Rapid and Liquid-Based Selection of Genetic Switches Using Nucleoside Kinase Fused with Aminoglycoside Phosphotransferase

The evolutionary design of genetic switches and circuits requires iterative rounds of positive (ON-) and negative (OFF-) selection. We previously reported a rapid OFF selection system based on the kinase activity of herpes simplex virus thymidine kinase (hsvTK) on the artificial mutator nucleoside dP. By fusing hsvTK with the kanamycin resistance marker aminoglycoside-(3’)-phosphotransferase (APH), we established a novel selector system for genetic switches. Due to the bactericidal nature of kanamycin and nucleoside-based lethal mutagenesis, both positive and negative selection could be completed within several hours. Using this new selector system, we isolated a series of homoserine lactone-inducible genetic switches with different expression efficiencies from libraries of the Vibrio fischeri lux promoter in two days, using only liquid handling.

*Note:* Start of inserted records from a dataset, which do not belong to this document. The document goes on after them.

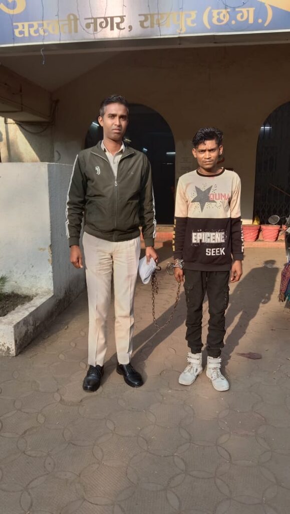 नाम आरोपी – दीपक कुमार पिता राजेश कुमार वर्ष 27 पता सामुदायिक भवन के पास कुकुर बेडा रायपुर
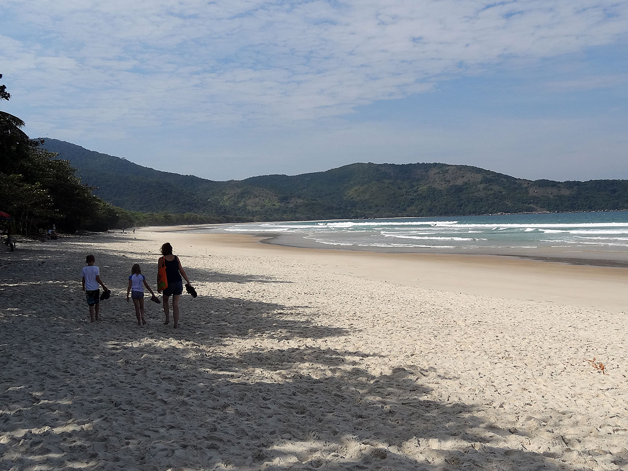 We went by boat one day to one of the island’s most beautiful bays, Praia Lopez Mendez. Fabinho, who’d met us and brought us to our beachhouse from the pier when we arrived, took us by boat to Pouzo beach from where we walked a 20 minute trail over the hill and through forest where we spotted small monkeys to Lopes Mendes, a 2km long, fabulous wide white sandy bay, backed by rainforest and edged by great climbing boulders, said by many to be the most beautiful in Brazil.
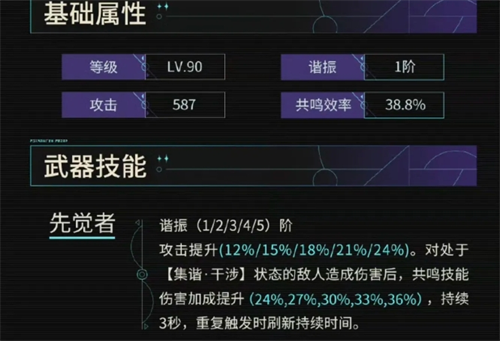 主属性加共鸣效率。对处于“集谐·干涉”状态的敌人造成伤害后,共鸣技能伤害加成提升24%(最高可叠至36%),持续3秒,重复触发时刷新持续时间。
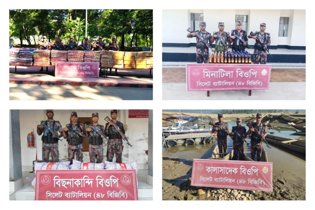 বিজিবি সূত্রে জানা যায়, গত দুই দিনে গোপন সংবাদের ভিত্তিতে সিলেট ব্যাটালিয়ন (৪৮ বিজিবি) এর দায়িত্বাধীন সিলেট এবং সুনামগঞ্জ জেলার সীমান্তবর্তী এলাকায় অভিযান পরিচালনা করে ভারতীয় শাড়ী, কাশ্মীরি শাল, ক্লপ জি ক্রিম, মাই ফেয়ার ক্রিম, শীতের কম্বল, সাবান, অলিভ ওয়েল, রসুন, মদ, বিয়ার, বিড়ি এবং অবৈধভাবে পাথর উত্তোলনকারী নৌকাসহ অন্যান্য ভারতীয় পণ্য আটক করে। যার আনুমানিক ১ কোটি ৪১ লক্ষ ৬২ হাজার ১৭০ টাকা।
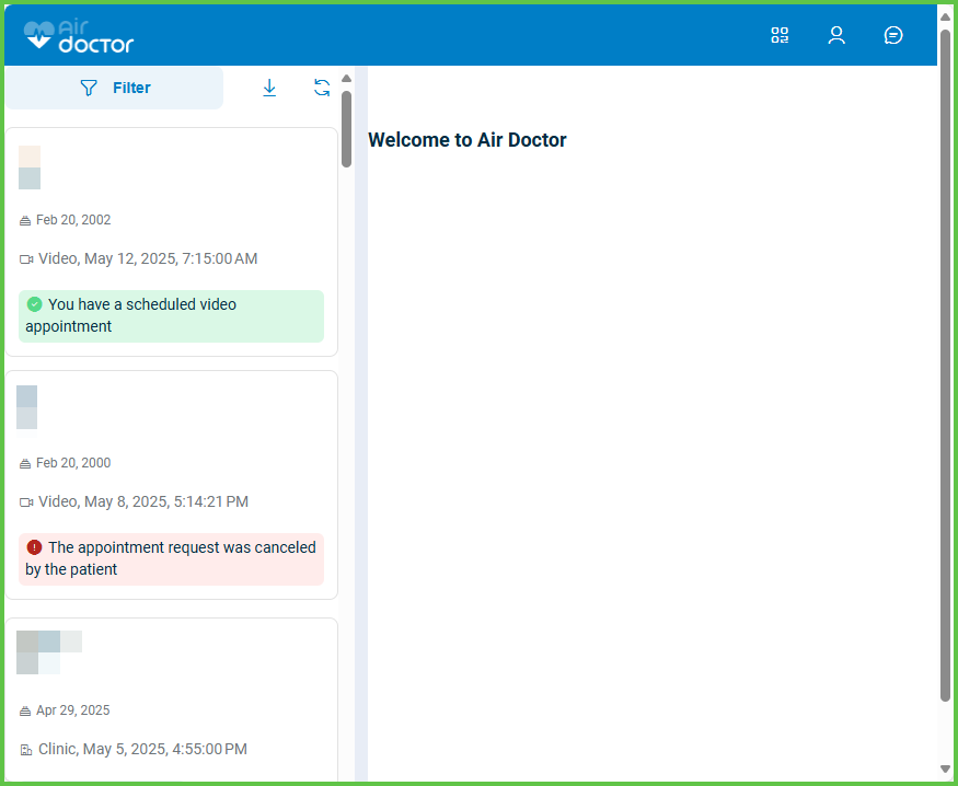 - The right pane displays the Welcome Screen until the doctor selects an appointment.
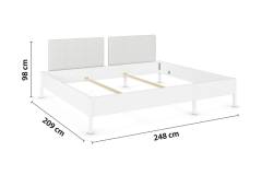 Cadru pat cu tablie tapitata MARE (240x200cm) alb alpin, material textil grey
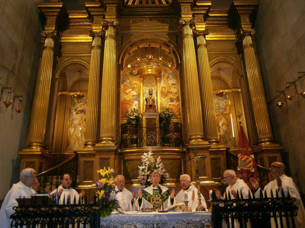 Finalitzada la celebració i després d’escoltar i cantar l’himne “Bruna de Montserrat”, amb lletra de Rosa Fabregat i Solé i música de Mn. Joaquim Mesalles a càrrec del Petit Cor de la Catedral de Lleida; el president de la Confraria Josep Estruch feu una breu salutació i donà la paraula al P. Jaume Sidera, a qui se li havia encomanat una reflexió mariana. El claretià centrà la seva profunda i encertada reflexió en allò que fa gran Maria i en allò que ens la fa més propera, referint-se a quatre noms amb els quals l’Evangeli identifica Maria: L’agraciada, l’esclava serventa del Senyor, la Mare del meu Senyor i la creient: “I què hem llegit de Maria?. És la creient i la qui compleix la Paraula. La grandesa de Maria: creient i serventa del Nostre Senyor està al nostre abast...De manera que la grandesa de Maria la nostra Mare, la compartim tots els que som aquí. Maria som nosaltres”, asseverà el P. Sidera.
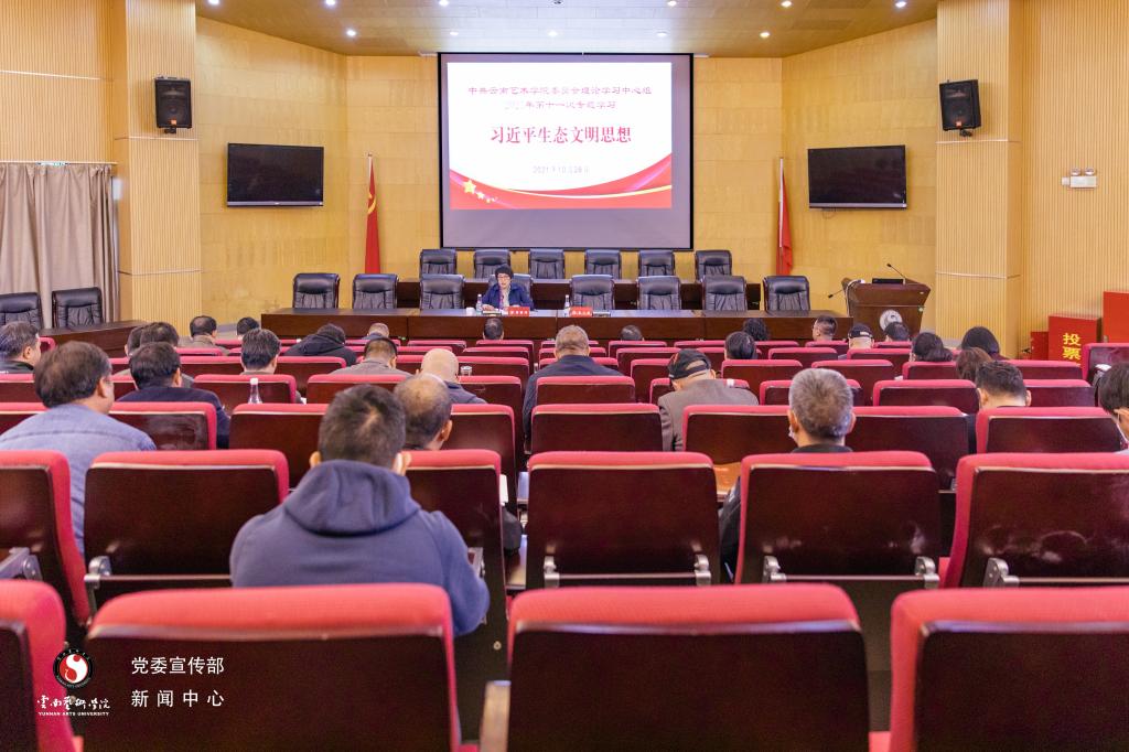 根据省委宣传部、省委组织部《关于组织全省各级党委(党组)理论学习中心组开展习近平生态文明思想专题学习的通知》要求,为贯彻落实习近平生态文明思想,2021年10月28日,我校党委理论学习中心组集体学习(扩大)会议在行政楼114报告厅召开,专题学习习近平生态文明思想。本次学习由校党委书记黄雁玲主持,党委理论学习中心组全体成员及全校处级干部参加。
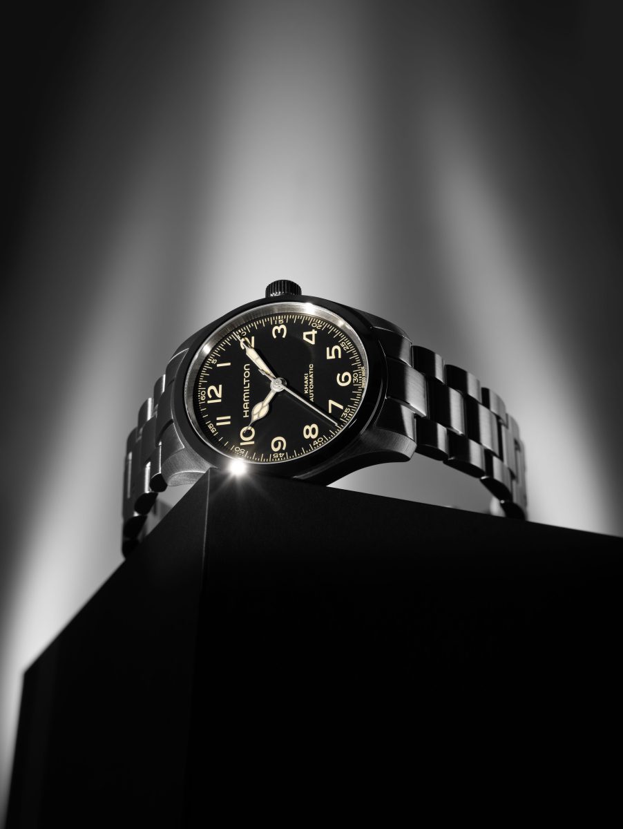 漢米爾頓 Khaki Field Murph 腕錶/錶徑:38 mm/機芯: H-10自動上鍊機芯/動力儲存:80小時/防水深度:100米/建議售價:NTD 30,500 白面皮帶款 NTD 33,500 黑面鍊帶款

基因开关与基因回路的进化设计需要多轮正负（开/关）筛选。此前我们报道了一套基于单纯疱疹病毒胸苷激酶（herpes simplex virus thymidine kinase, hsvTK）对人工诱变核苷dP的激酶活性的快速负筛选系统。通过将hsvTK与卡那霉素抗性标记氨基糖苷-(3’)-磷酸转移酶（aminoglycoside-(3’)-phosphotransferase, APH）融合，我们构建了一套用于基因开关研究的新型筛选系统。鉴于卡那霉素的杀菌特性与核苷类致死诱变作用，正负筛选均可在数小时内完成。利用这套新型筛选系统，我们仅通过液体操作，在两天内从费氏弧菌lux启动子文库中分离得到一系列具有不同表达效率的高丝氨酸内酯诱导型基因开关。